L’incarcération controversée du journaliste et directeur des deux médias indépendants Radio M et Maghreb Emergent, Ihsane El Kadi, continue de susciter l’indignation, notamment au sein des milieux intellectuels algériens. Dans une interview accordée à RFI, l’écrivain Yasmina Khadra, signataire d’un texte réclamant la libération du journaliste, exhorte les autorités à écouter la « voix algérienne » sur ce dossier sensible.
Selon Yasmina Khadra, « la moindre des choses est d’essayer de soutenir » Ihsane El Kadi, incarcéré dans des conditions qu’il juge « horribles » en raison de ses « idées » et de sa « conception du monde ».
Figure emblématique de la presse libre algérienne, le journaliste est poursuivi dans le cadre d’une affaire de réception de financement visant à faire de la propagande politique pour déstabiliser la nation. Yasmina Khadra évoque un « acharnement » incompréhensible dans un pays qui devrait « comprendre où est son salut » : « dans les idées, pas dans la répression ».

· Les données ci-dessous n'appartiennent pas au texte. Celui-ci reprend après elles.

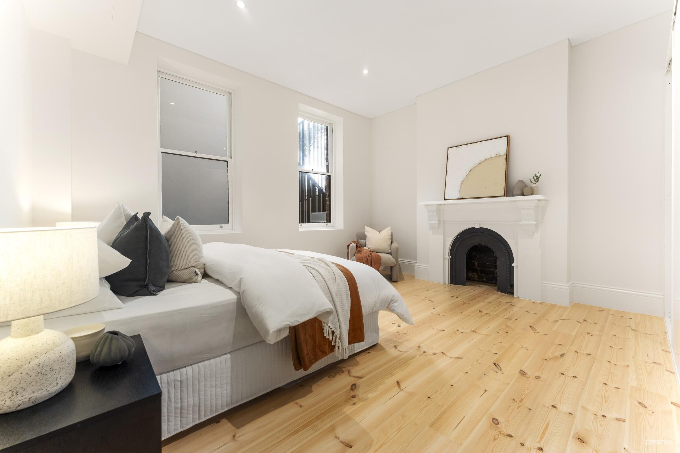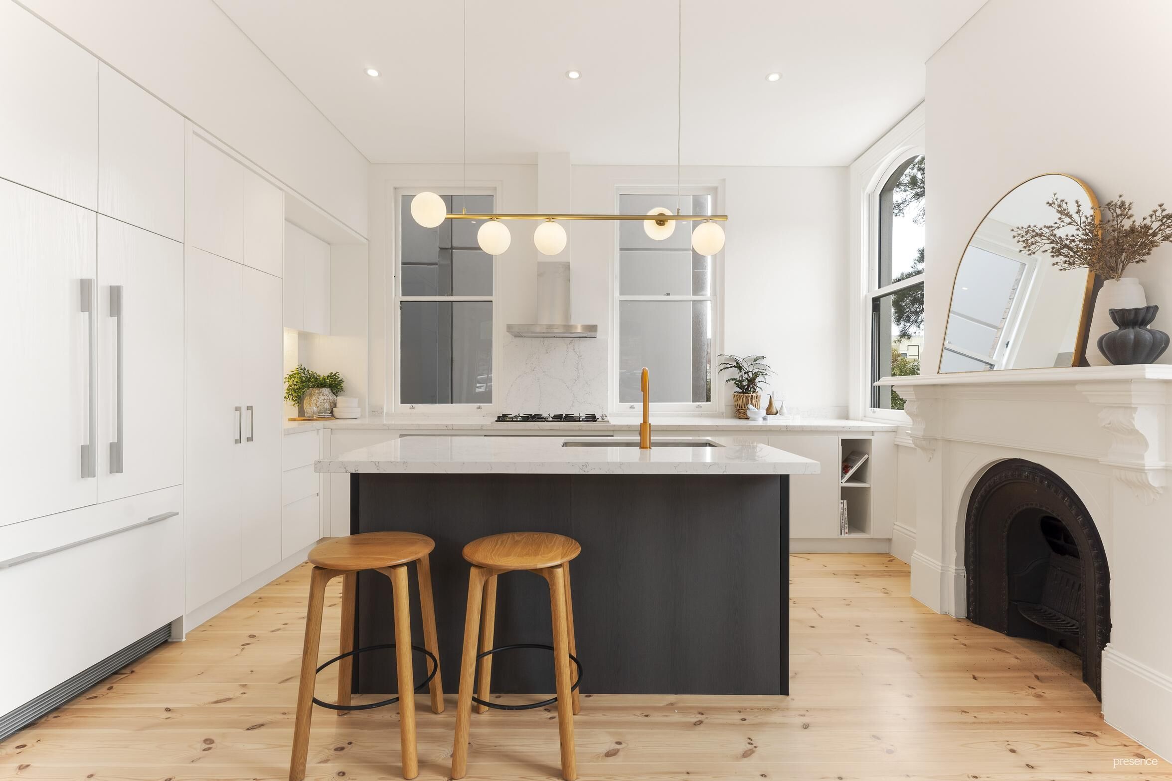 This multi-level terrace offers two generous bedrooms upstairs and an additional versatile bedroom or living space downstairs. Every detail of the home has been thoughtfully designed, featuring high-end Smeg and Fisher & Paykel appliances, an integrated fridge, and ducted air conditioning to elevate your living experience to the highest standard. Originally built in the late 1800s, this home has been meticulously restored as part of Iris Capital’s visionary redevelopment, merging historic charm with modern sophistication. The distinctive layout preserves the unique character of the property, redefining timeless elegance and effortless luxury.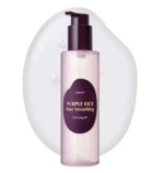 Cette huile sert à nettoyer les pores et à éliminer le maquillage tout en lissant le grain de peau grâce au riz violet.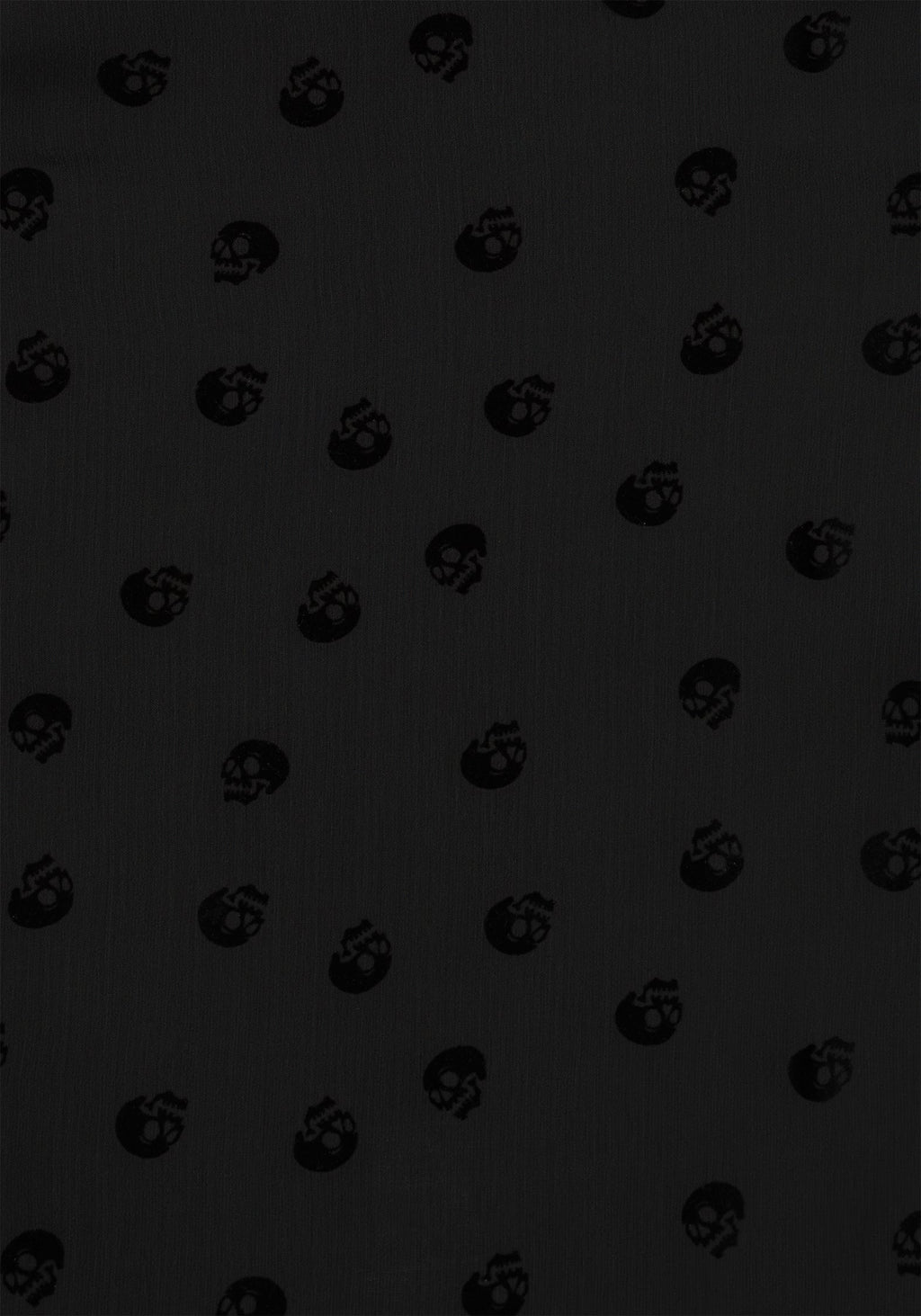 - Textured sheer chiffon fabrication with flocked velour all-over skull motif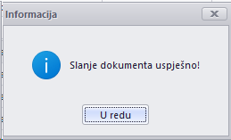 Ako se račun pošalje uspješno pojaviti će se poruka: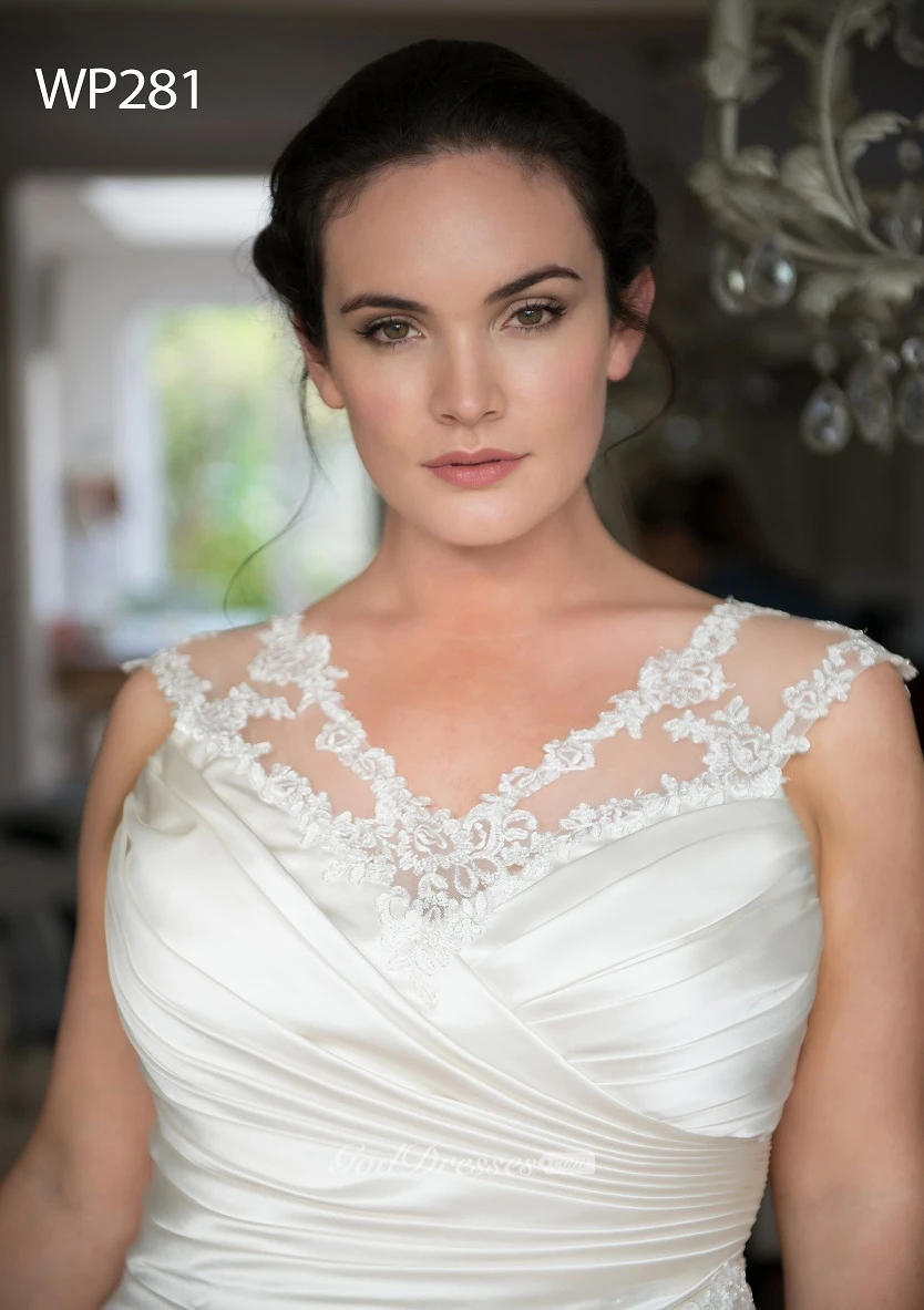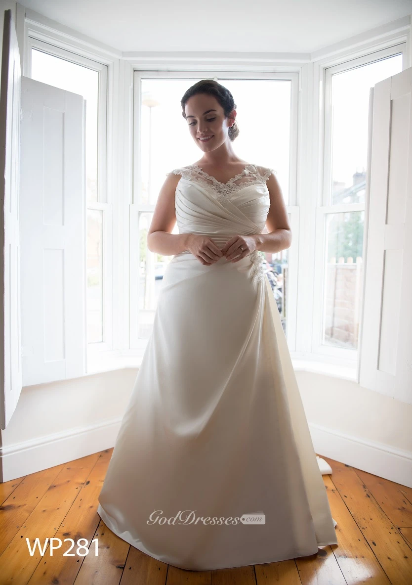A-Line Floor-Length V-Neck Cap Satin Sweep Train Side Draping Dress

Plutôt que de « quémander la clémence », Yasmina Khadra en appelle à la « raison » et à la « sagesse » du président Tebboune. Lui-même victime d’une « injustice », il doit se « libérer de tout ce qu’il a subi » et faire preuve de discernement dans cette affaire.
Tout en mettant en garde contre des interventions étrangères « contre-productives », l’écrivain estime que « la voix algérienne » doit être entendue sur ce dossier, d’où sa signature aux côtés d’autres personnalités nationales telles que la vétérante du combat pour l’indépendance Louisette Ighilahriz, ainsi que de grands scientifiques algériens tels que Elias Zerhouni et Noureddine Melikechi. La libération d’Ihsane El Kadi sera, à ses yeux, un test décisif des intentions réelles du pouvoir.

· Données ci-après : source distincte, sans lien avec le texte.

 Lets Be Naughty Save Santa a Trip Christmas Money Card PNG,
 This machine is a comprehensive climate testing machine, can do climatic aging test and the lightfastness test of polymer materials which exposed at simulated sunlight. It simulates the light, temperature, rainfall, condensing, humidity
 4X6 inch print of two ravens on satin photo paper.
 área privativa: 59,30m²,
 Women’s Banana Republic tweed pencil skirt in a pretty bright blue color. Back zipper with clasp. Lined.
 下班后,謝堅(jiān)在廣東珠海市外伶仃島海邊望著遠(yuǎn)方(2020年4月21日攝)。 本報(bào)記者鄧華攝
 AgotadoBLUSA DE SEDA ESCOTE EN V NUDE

Dans cette optique, d’autres voix continuent de s’élever pour interpeller le président Tebboune. Certains appels l’enjoignent à user de son pouvoir de grâce présidentielle, seule issue possible désormais après l’épuisement des recours légaux. Des organisations de défense des droits de l’Homme comme RSF et Amnesty International ont également lancé des « appels solennels » en ce sens auprès des autorités.

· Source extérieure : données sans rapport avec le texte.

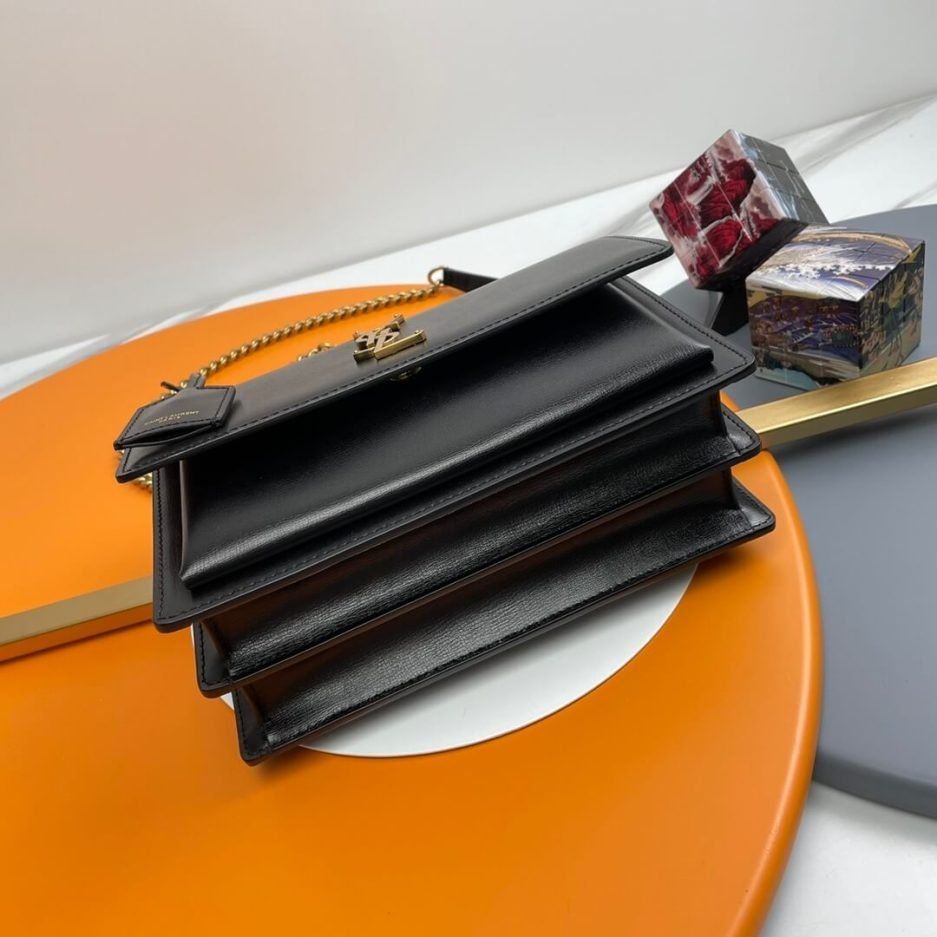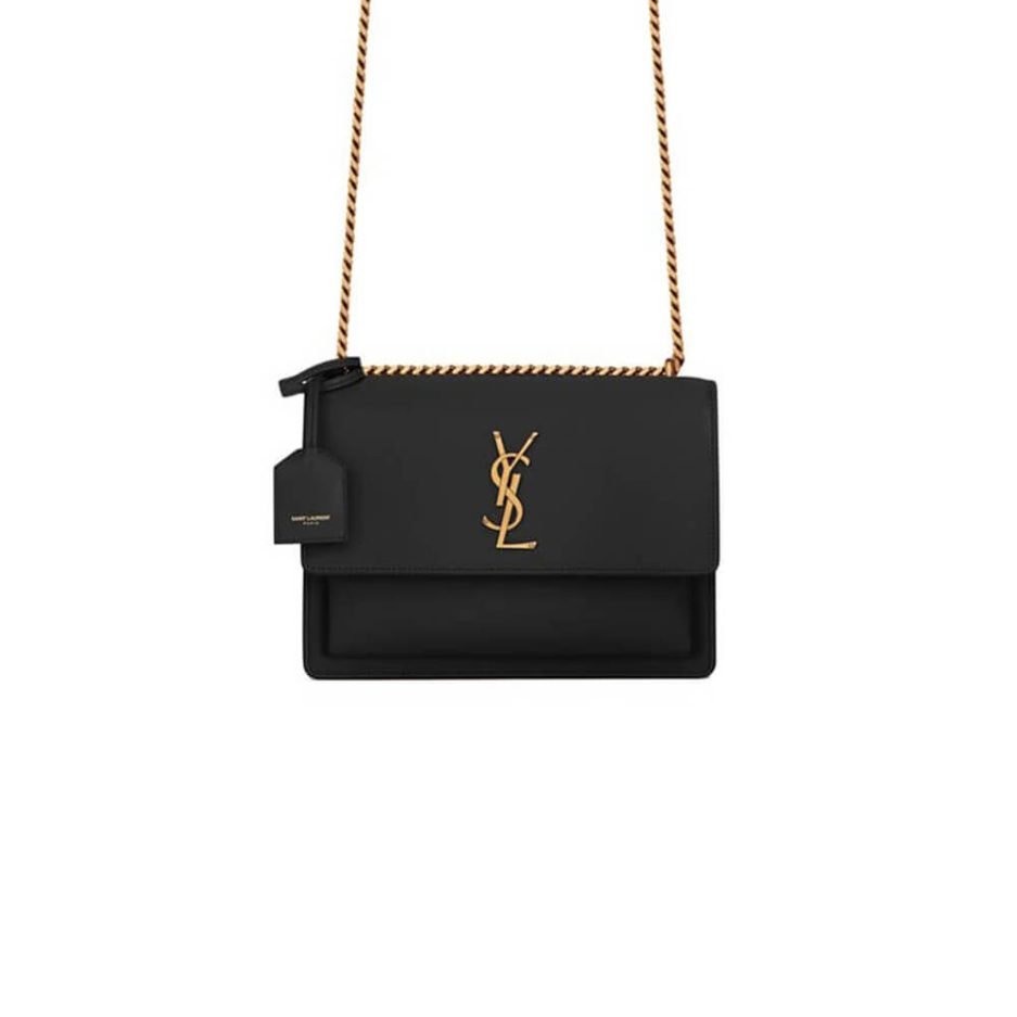 This Saint Laurent SUNSET Medium is a cool and classic piece from the brand, crafted from black smooth leather with a glossy finish that exudes sophistication, adorned with the signature gold-tone YSL metal logo. It features a two-tone woven metal chain strap for crossbody or shoulder carry. With a flap magnetic closure, the bag opens to a main compartment and practical slip pockets. Moderate in capacity, it easily holds daily essentials like a phone, cardholder, and lipstick, making it a versatile and refined accessory for commutes, dates, and formal occasions.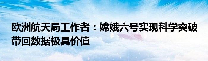欧洲航天局工作者:嫦娥六号实现科学突破 带回数据极具价值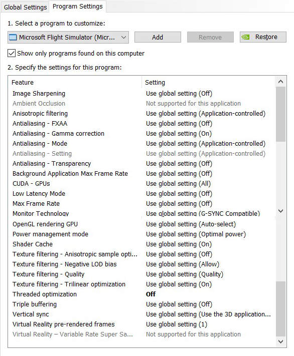 NB: most settings are using default values in my screenshot. They are inheriting from the Global Settings. If your global settings are different, they will also reflect in your FS2020 custom settings. Besides “Monitor Technology” all the others should match whether inherited or overridden.
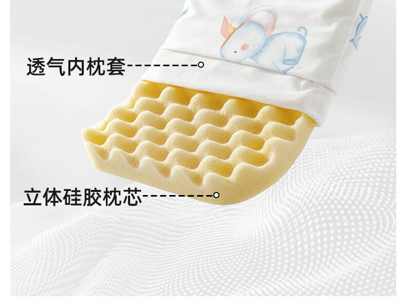 贝肽斯儿童硅胶枕头3个月-6岁新款透气定型宝宝枕头幼儿园婴儿四季通用 森林奇遇凉感款-【1-3岁】抗菌防螨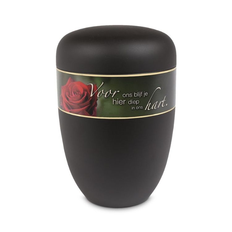 Deze urn is vervaardigd van hoogwaardig edelstaal en van Duits fabrikaat. De mat-zwarte urn is gedecoreerd met een tekstband met rozen: "Voor ons blijf je hier diep in ons hart". Dit model is leverbaar in twee varianten en uitsluitend geschikt voor plaatsing binnenshuis.

À l’international, la pression se fait également insistante. En mai 2023 déjà, une tribune publiée dans Le Monde et signée par 10 intellectuels de renom tels que Noam Chomsky ou Annie Ernaux, prix Nobel de littérature 2022, demandait au chef de l’État algérien de « faire tout ce qui est en son pouvoir » pour libérer le journaliste emprisonné depuis le 29 décembre 2022.